**GIVEN DATA**
***

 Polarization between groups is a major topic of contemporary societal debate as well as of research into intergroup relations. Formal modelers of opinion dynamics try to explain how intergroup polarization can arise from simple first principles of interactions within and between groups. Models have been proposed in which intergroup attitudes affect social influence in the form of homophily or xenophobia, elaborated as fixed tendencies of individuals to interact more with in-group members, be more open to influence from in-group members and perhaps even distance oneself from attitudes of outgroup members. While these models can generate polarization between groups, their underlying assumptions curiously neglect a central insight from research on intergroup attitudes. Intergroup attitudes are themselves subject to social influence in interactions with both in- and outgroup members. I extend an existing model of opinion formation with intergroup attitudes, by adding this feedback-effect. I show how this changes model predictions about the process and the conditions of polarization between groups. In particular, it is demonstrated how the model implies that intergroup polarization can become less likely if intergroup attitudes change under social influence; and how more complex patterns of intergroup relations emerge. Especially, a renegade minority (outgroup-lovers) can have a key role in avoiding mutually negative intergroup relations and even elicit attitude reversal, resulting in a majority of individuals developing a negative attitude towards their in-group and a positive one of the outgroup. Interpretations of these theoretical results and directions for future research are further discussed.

***

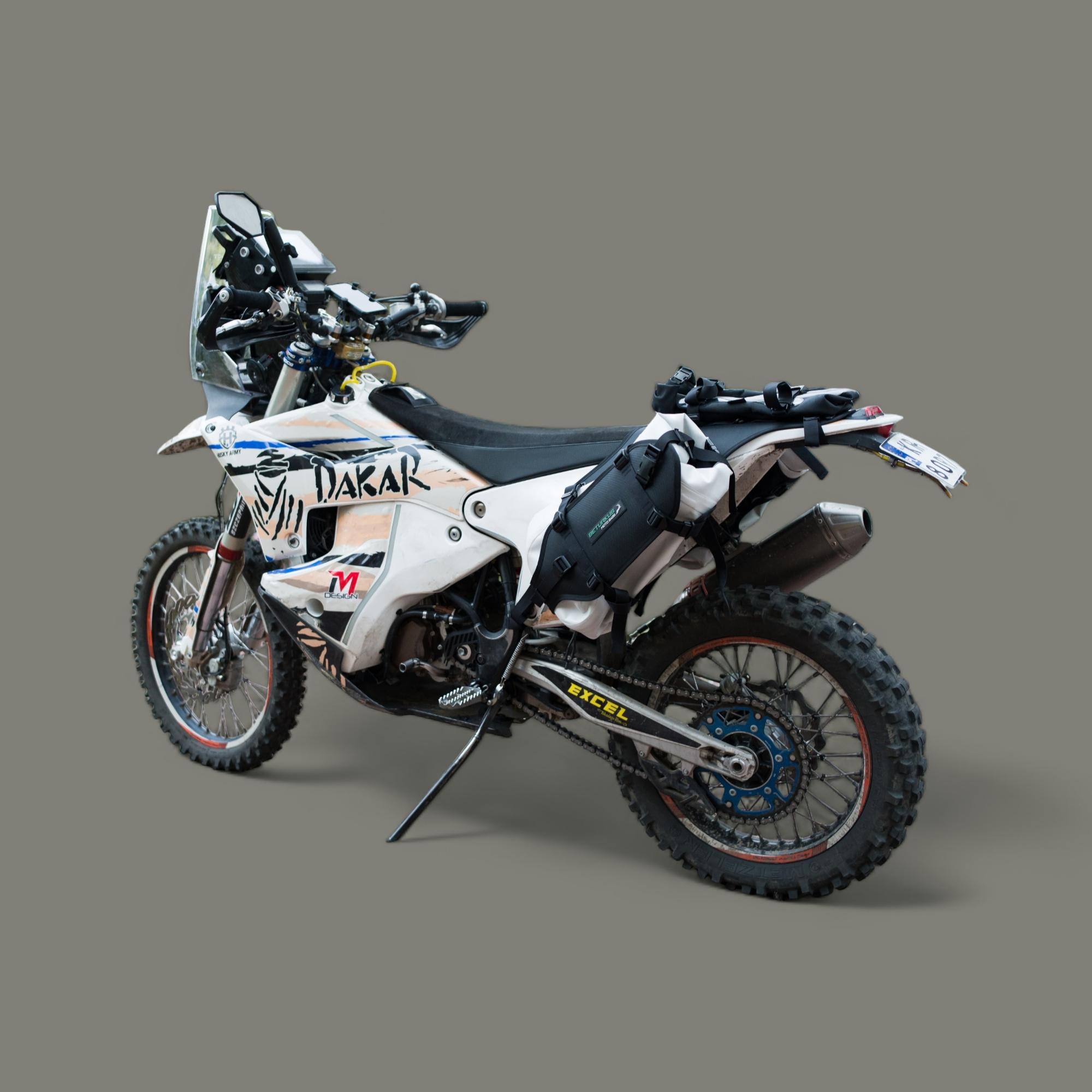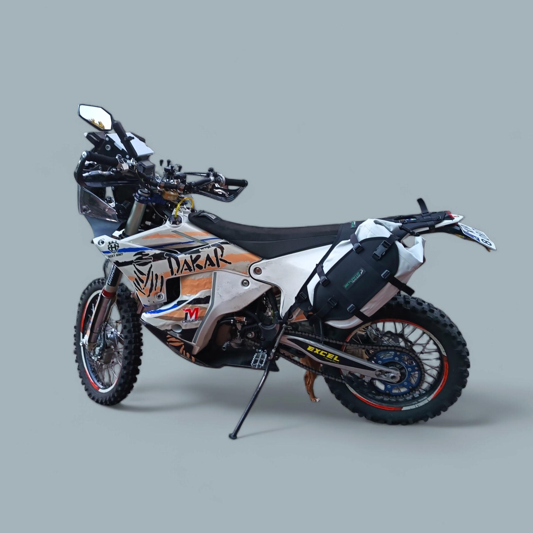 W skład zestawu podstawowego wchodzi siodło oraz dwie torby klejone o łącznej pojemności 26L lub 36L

***

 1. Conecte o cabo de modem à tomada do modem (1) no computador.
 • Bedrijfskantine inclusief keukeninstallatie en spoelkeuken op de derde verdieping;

***

**INSTRUCTIONS TO FOLLOW**
Each line above from the one with "1. Conecte o" up to and including the one with "de derde verdieping;" must be set down exactly, and no line outside that span may appear.

**RESPONSE TO THIS EXERCISE**
 1. Conecte o cabo de modem à tomada do modem (1) no computador.
 • Bedrijfskantine inclusief keukeninstallatie en spoelkeuken op de derde verdieping;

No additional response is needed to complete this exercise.